In the east Hindenberg almost annihilated the opposing Russian army in the battles in Masurian Lakes.

Cavalry and infantry entered Lithuania and Kurland and in May the Germans smashed the Russian positions on the Gorlice-Tarnow front. Mackensen's troops pushed the Russians from one sector to the next and the Russian Carpathen army fell to pieces. The fortress of Przemyl was retaken and the positions at Lemberg fell. The troops then swung northwards to attack the parts of the Russian Army in Poland from the rear. All along the Eastern Front the German army rolled forward pushing the Russians back in a series of bloody fights and battles. Fortresses like Nowo-Geogiwsk and Grodno fell in just a few days, rivers like the Narew and Njemen crossed after bloody fighting. The advance was swift but due to exhausted troops and stiff Russian resistance the Germans missed their goal of encircling and destroying the Russian troops in Poland.

In the meantime the Serbs had inflicted a series of defeats on the Austrians. As the Serbs stood in the way of the Axis route down to Turkey and the access it provided to the sea, they were an enemy that needed defeating. The Bulgarian army joined the Axis and attacked from the East. From the north over the Save and Donau rivers came an Austrian army with German divisions under Mackensen. The two rivers were crossed with little problem but then they came into the mountains, where the Serbs defended the few roads into their homeland with dogged determination.

A mixed French-British Army had landed in Salonika to come to the aid of the Serbs but it was too little, too late. The Axis managed to push the Serbs aside and reach the southern border. The Allied Salonika army remained a threat, however, while the Serbs retreated into the Albanian mountains.

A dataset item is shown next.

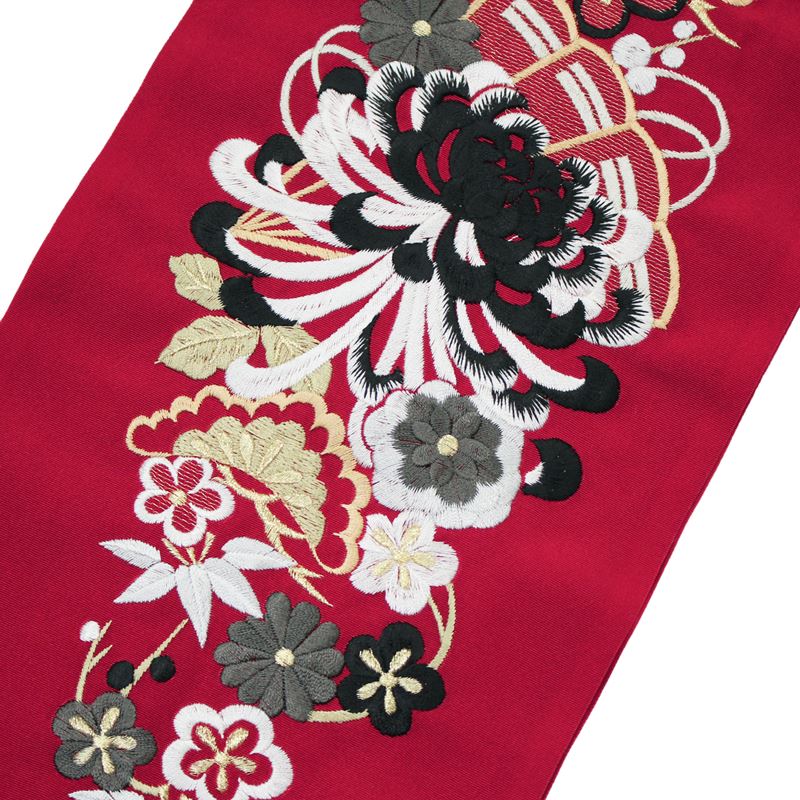 商品説明 素材 生地:ポリエステル100% 刺繍糸:レーヨン100%(金属糸使用の場合あり) サイズ 長さ109cm、幅16cm 季節 春・秋・冬 合わせる着物 振袖・袴・花嫁衣裳 用途 披露宴・式典・パーティ・成人式 注意 画面上と実物では多少色具合が異なって見える場合もございます。

The beginning of the year in the West saw a few small tactical victories for the Germans on the left flank in the Soissons and Münster areas but already in the last weeks of February the first of four great allied offensives challenged the German positions. The first offensive was the "Winterschlacht in der Champagne", the second the British Offensive at Neuve Chapelle. In autumn the third and fourth efforts would take place with another offensive in Champagne coupled with the battle by La Bassee
and Arras that were together meant to smash the German front once and for all. All these efforts failed with a terrible loss of life.The Germans spent the year on the defensive although a gas attack in Ypres did allow them to take some land and the famous Hartmannsweilerkopf was retaken from the French after bloody fighting.